The alternative to the US and China on AI? ‘Mandatory data sharing’
According to the transhumanist philosopher Sorgner, a new social contract would bring citizens greater transparency
Key points
Personal data is the new oil. A boundless resource that could enable us – for example – to train AI and medical algorithms, understand and treat currently incurable diseases, and much more besides. It is precisely for this reason that Stefan Lorenz Sorgner, a transhumanist philosopher at John Cabot University (in Rome), is calling for a radical reform of the current European management of personal data, a transformation characterised by its transparent and democratic use, in a future scenario with a non-zero-sum outcome in which there are only winners.
What is transhumanism?
When we talk about transhumanism, what generally springs to mind are futuristic speculations concerning mind-uploading – the possibility of ‘uploading’ one’s mind onto a digital medium –, scientific immortality – that is, the possibility of extending human life expectancy indefinitely – and the advent of an AI more intelligent than ourselves. But transhumanism is not just about this; on the contrary, the growing popularity of this philosophy also stems from its ability to address issues relating to our immediate future. This is certainly the case with Sorgner, author of the recent *Euro-Transhumanism. Twisting Truth, Goodness, Beauty* (Bristol University Press).

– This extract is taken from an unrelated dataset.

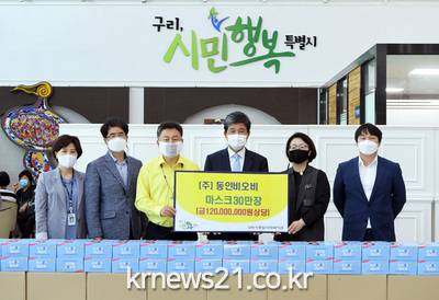 구리시(시장 안승남)는 28일 안승남 구리시장, 안영호 ㈜동인비오비 대표, 이상희 구리시종합사회복지관장 등 관계자 8명이 참석한 가운데, ㈜동인비오비(대표 안영호)에서 후원한 덴탈 마스크 30만장을(1억2천만원 상당) 구리시종합사회복지관(관장 이상희)에 전달했다고 밝혔다.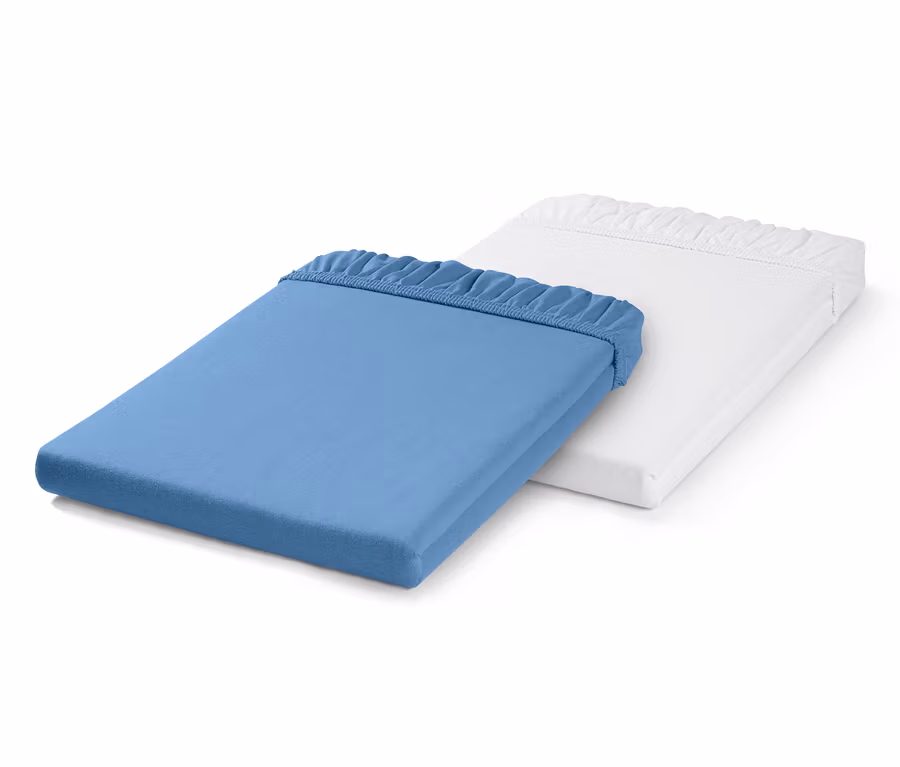 Diese beiden Spannbettlaken sind deshalb aus reiner, hautsympathischer Baumwolle in kindgerechter, weicher Single-Jersey-Qualität gefertigt. Sie sind wunderbar anschmiegsam und besonders saugfähig – für einen erholsamen Schlaf und einen guten Start in den neuen Tag.

The overwhelming power of China and the US
It all stems from the pressing need to counter the overwhelming dominance of the US and China in data management: ‘To train a reliable AI, we need structured and comprehensive collections of real, personalised digital data. If people can choose not to participate, the data pool becomes fragmented and distorted, rendering it useless for obtaining crucial insights’. Digital data drives 21st-century progress in three key areas: scientific research, evidence-based policy-making and engineering, particularly medical AI. To train AI to detect even the rarest diseases, a comprehensive dataset is essential. Sorgner therefore believes it is necessary to make data sharing compulsory, as China has already done by requiring technology companies to share data with the government. Consequently, ‘China now publishes more peer-reviewed articles than the US, and its economic momentum is set to accelerate’.
“If the EU,” continues Sorgner, “wants to remain competitive, we must abandon the GDPR (General Data Protection Regulation), which is currently stifling our potential.” In the 21st century, personalised digital data – and biometric data in particular – are the new currency of public wellbeing: ‘My proposal is a Social Contract on Data: citizens provide their biometric data to a centralised, democratically governed system. In return, the state guarantees ‘positive freedoms’, such as a universal and hyper-personalised healthcare system, access to cutting-edge medical technologies and a longer healthy life expectancy. Sharing biometric data must become a civic duty.”
Mandatory data in exchange for absolute transparency
At present, within the framework of the ‘surveillance capitalism’ described by Shoshana Zuboff, we hand over our data to private monopolies such as Google or Meta in exchange for trivial benefits such as a free email address. ‘This is a terrible deal. In a democratic framework, data collection would be compulsory, but citizens would be guaranteed absolute transparency.’ For Sorgner, this would be the ultimate safeguard against the ‘digital authoritarianism’ seen in China. By treating data as a public levy, processed primarily by incorruptible algorithms rather than easily compromised human actors, we would ensure that AI is trained on the real-world experiences of all citizens.